No fue nunca una gran actriz ni una gran cantante. Pero fue una diva. Lo más parecido que hemos tenido jamás en España a las estrellas del couché y el glamour de otros cines foráneos, como un cruce a destiempo entre Jane Russell y Elizabeth Taylor. Guapa de pueblo, superviviente de la guerra civil, quiso ser rubia al principio y acabó siendo estereotipo racial, hasta en la copla que no era suya: niña bien o pecadora encarcelada, amante mora de Felipe el Hermoso casi inspirada en la Zoraida de El Guerrero del Antifaz, recatada por imperativo legal y, en su pase al cine americano, la protagonista secundaria de dos westerns apreciables, quizá lo único salvable de su carrera: Veracruz y Yuma, dos papeles parejos que la encumbraron y la condenaron a ser india o mexicana pero no pudieron atarla a una cinematografía que posiblemente le era ajena, problemas de idioma aparte.

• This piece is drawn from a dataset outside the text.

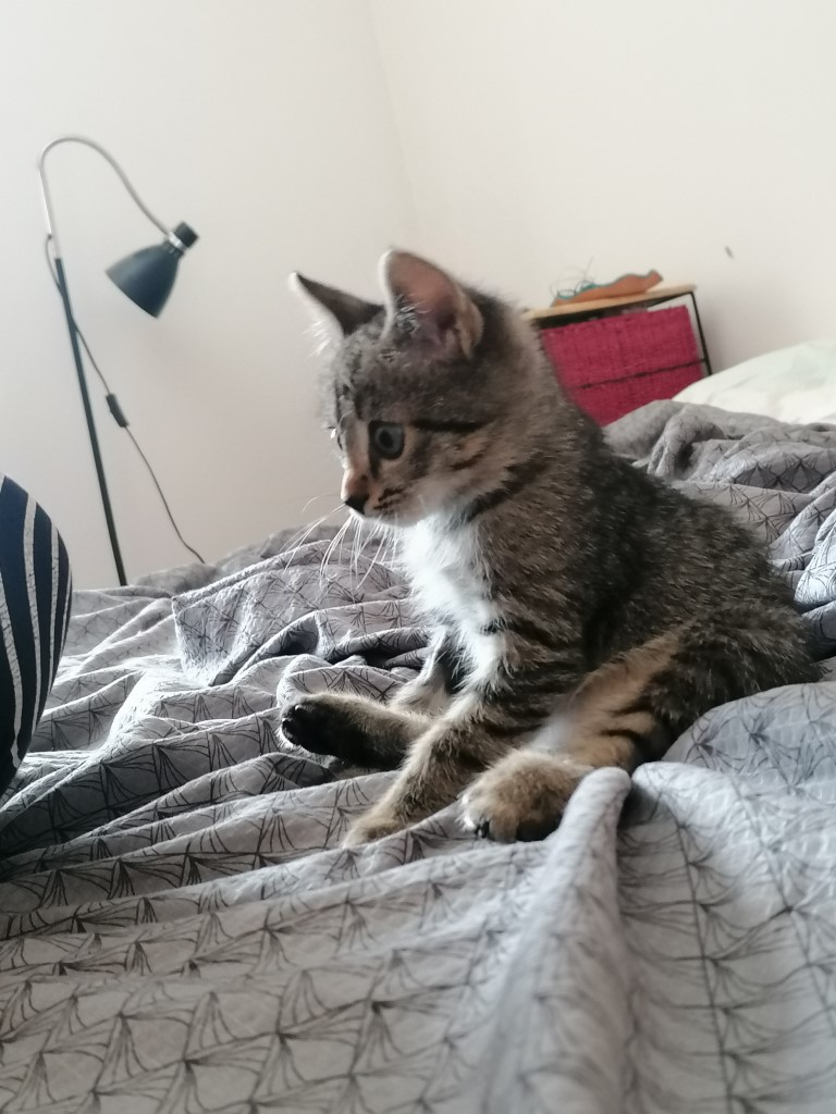 Zgodba našega Lojzeka se je začela na predvečer naših prvih brezplačnih delavnic programiranja za otroke in mladino, lansko jesen. Skozi okno najete učilnice, kjer smo pripravljali in nameščali vse potrebno za delavnice prihodnjega dne, smo iz bližjega jarka, v grmovju nasipa nad mariborsko obvoznico zaslišali nemočno mijavkanje: “Slišiš, muca je!”, “Ne to ni muca! Kako bi na to prometno cesto zašla muca?” Seveda smo šli preverit in res, iz grmovja, na nasipu pod katerim 10 metrov nižje so drveli avtomobili, so nas gledale drobne prestrašene očke nebogljene živalice, kake tri tedne stare, zavržene mucke. Jasno je bilo, da moramo ukrepat in drobno bitje obvarovati pred nevarnostjo.

Amiga y algo más de los republicanos en el exilio de México, sorprende que prefiriera el corsé de la España de la época a la libertad de las Américas, pero quizá prefirió ser aquí cabeza de león que cola de ratón allá el resto de su vida: el éxito de El último cuplé la convirtió en la pecadora oficial de nuestro cine, la transgresora, la señora que encandilaba a los señores al pasar, la hembra de rompe y rasga que vive un poco aparte de la sociedad, como vivió siempre ella. Fue una bomba a su aire y tuvo el mérito de serlo con elegancia, simplemente insinuando en las pantallas lo que se intuía en su vida privada, abundante en amores y en los lujos mallorquines que nos están vedados a la mayoría.
Se inventó un personaje y lo explotó hasta ayer mismo: de Sarita Montiel a Saritísima. Actriz, entonces. Si la hubiera escuchado cantar aquello de “Fumando espero”, Sigmund Freud no habría sido capaz de decir que a veces un puro es solamente un puro.